MichaelEischer · June 17, 2022, 3:56pm

Indeed, that is a problem. It sort of matches what is to be expect from two concurrent prune runs. While prune is working, the new data is not yet added to the index, which causes a second prune run to detect that new data as unnecessary and remove it.
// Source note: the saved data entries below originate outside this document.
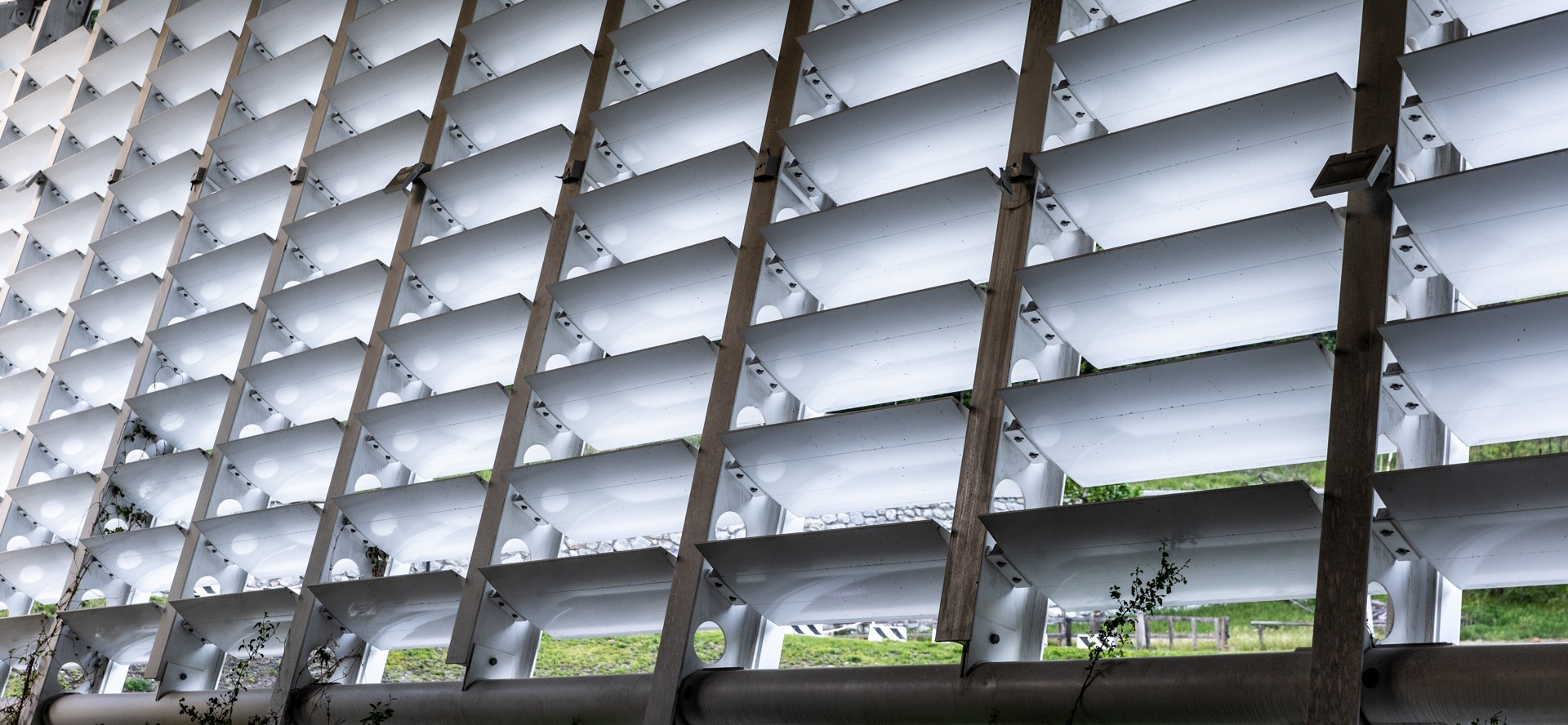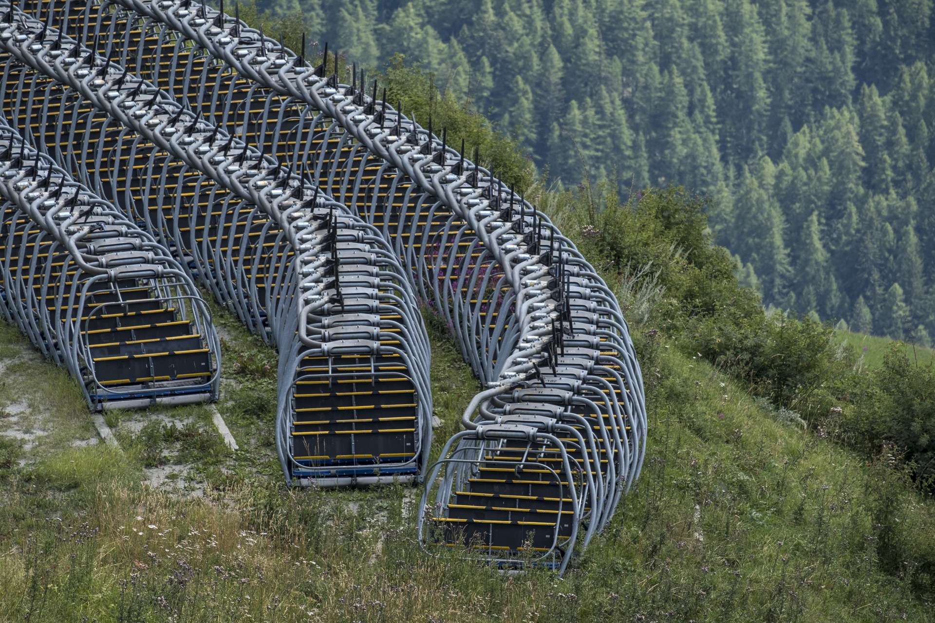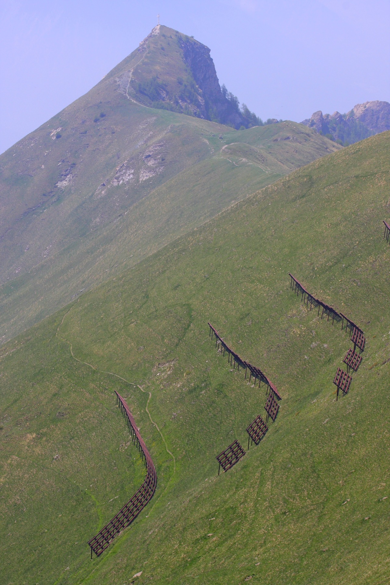 207 - Pizzi Silvia - Titolo: "Filari artificiali #2" Luogo dello scatto: Courmayeur Didascalia: I paravalanghe sembrano filari in estate, "coperti" solo dalla luce del sole, lungo il pendio.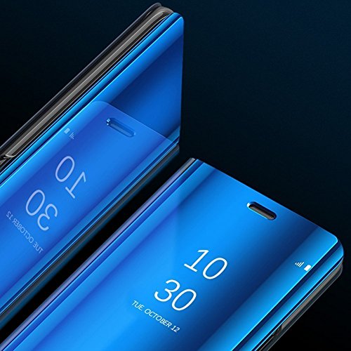 COTDINFOR Galaxy A7 2018 Custodia Placcatura Specchio Clear View Standing Cover Slim Mirror Flip Portafoglio Antiurto Case con Funzione Stand per Samsung Galaxy A7 2018 / A750 Mirror PU Blue MX.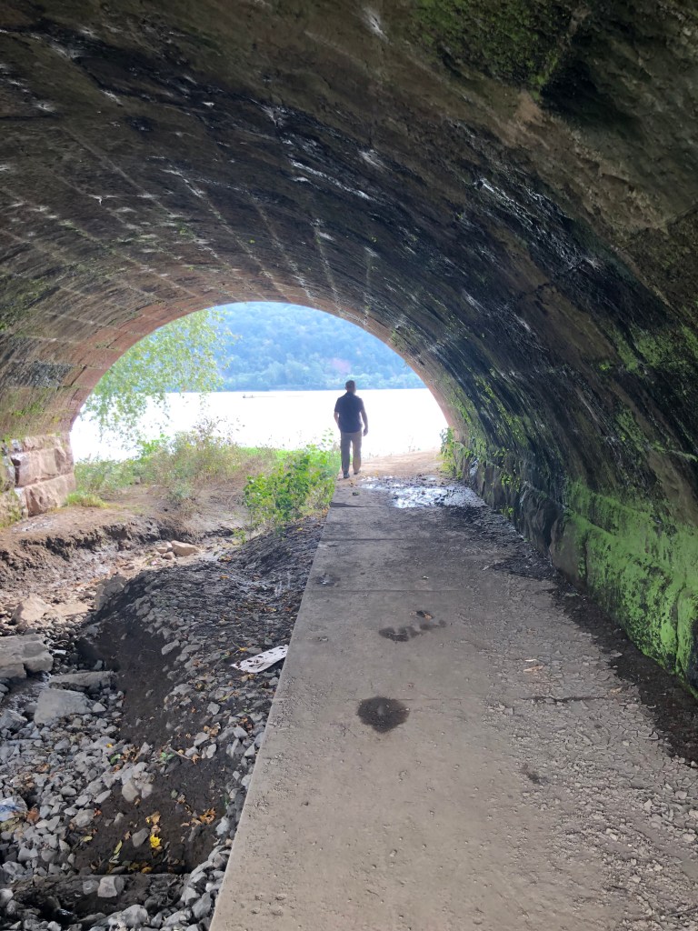 Most of the streets of Duncannon that lead down to the Susquehanna end by draining under stone arches of the railroad line that follows the river. I thought they were picturesque and wanted to go down to the river and under one of the arches. It’s very sketchy in a methamphetamine/oxycodone sort of poor Appalachian way, but it does look cool. We walked under the dank, moody archway while a garbage train was parked above on the tracks, steaming and stinking. Just under the archway, the river looked like a painting in the approaching storm, and we were so focused on it we didn’t really notice the guy leaning against the backside of the arch as we passed through. He was having a coffee and smoking a cigarette and he was in the mood to chat. My partner wandered along the river while I engaged the local.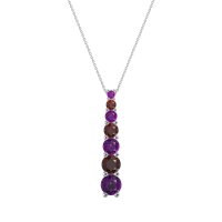 This Amethyst and Garnet Necklace is casted in 18k White Gold. This Women’s Classic necklace features exceptionally fine gemstones, on par with those found in the world's most exclusive boutiques and among the top 10% available globally. Linear Pendant Featuring A Graduated Series Of Round Stones, increasing in Size From Top To Bottom. A Sleek And Stylish Design. This necklace comes with a complimentary 18-inch chain. Enjoy the confidence of our 30-day, stress-free return policy—with return shipping fully covered. Each piece is also accompanied by a Lifetime Warranty, ensuring lasting beauty and peace of mind.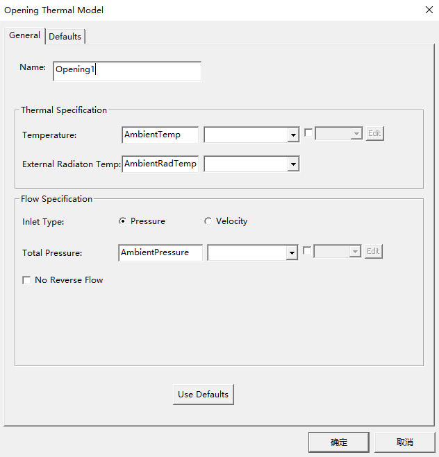 4、选中air region的6个面,设置边界条件为Opening,Opening属性都设置缺省,空气温度无压力穿越边界;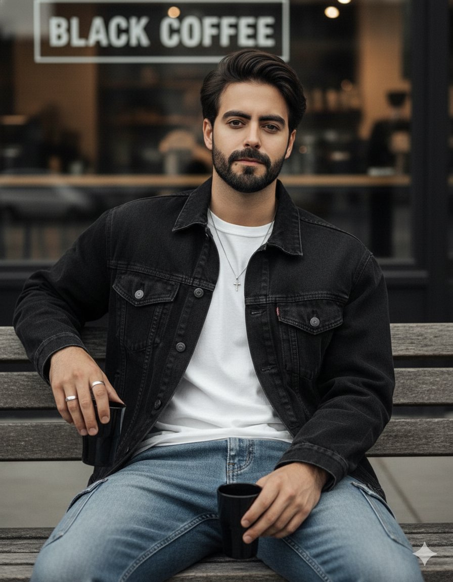 A highly realistic portrait of a man based on the original model (facial structure, hairstyle and body must be 100% identical to the reference image -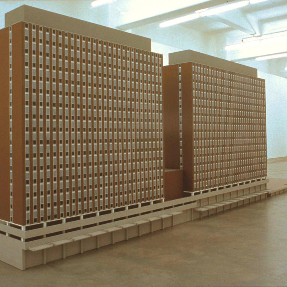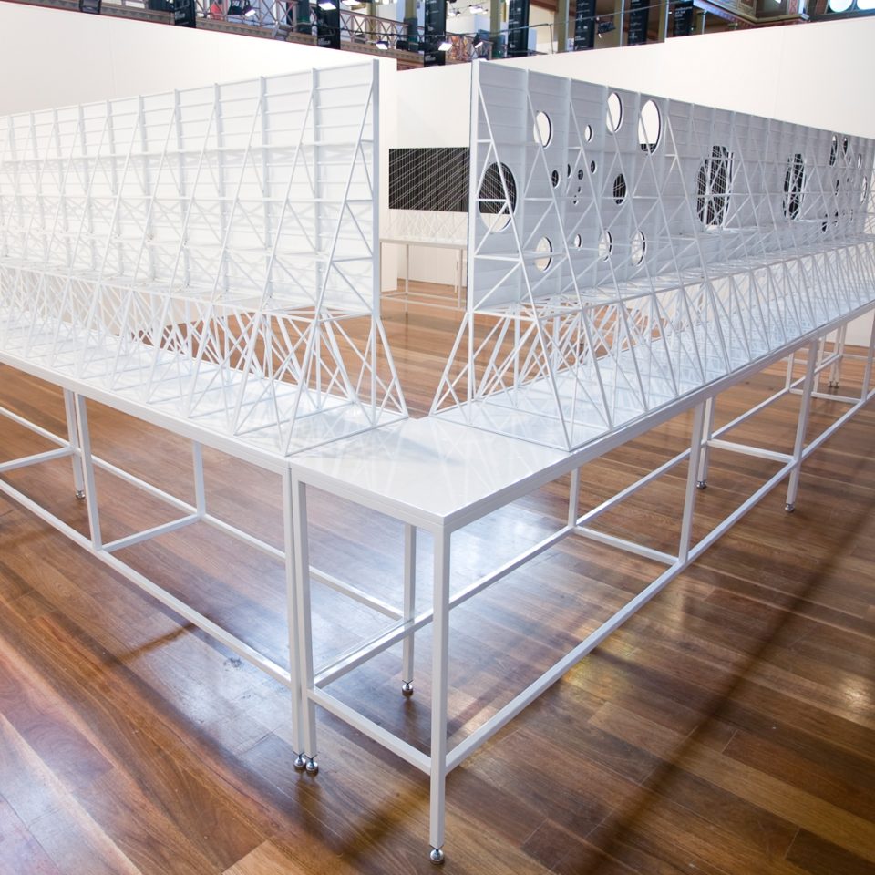 Callum Morton’s installation and sculptural practice is inspired by architecture and the built environment. His work has consistently addressed the ‘architecture of experience’ – the moment of encounter between viewer and object, or viewer and built environment. Often, his works explore human interaction with architectural space through scale models and facades of well-known buildings. For example, Morton represented Australia at the 2007 Venice Biennale with a scale model of his childhood home, designed and built in the 1970s in a modernist style by his architect father.

The first prune run will then remove the original data, which taken together causes data loss. Which parameters did the prune run on fungus use? It looks like it is set to repack only up to 20GB?

To repair the repository you can try to follow the instructions at Recover from broken pack file · Issue #828 · restic/restic · GitHub . However, the repository is currently missing lots of data, and probably every single snapshot is missing data. To just avoid uploading everything again, it would be sufficient to run rebuild-index, drop the snapshots and the create new ones. If you want to keep the snapshots as far as the data still exists, then you can try the experimental PR referenced in the issue.

Are your scripts calling unlock in some place? The prune command always creates an exclusive lock, so for some reason restic did not see the lock file of the other prune run. However, using SFTP all clients should see the same content of the lock directory. And restic checks twice that no other lock exists which should prevent quite a few possible race conditions regarding to locking. I currently have no real idea what exactly has caused the lock mechanism to fail.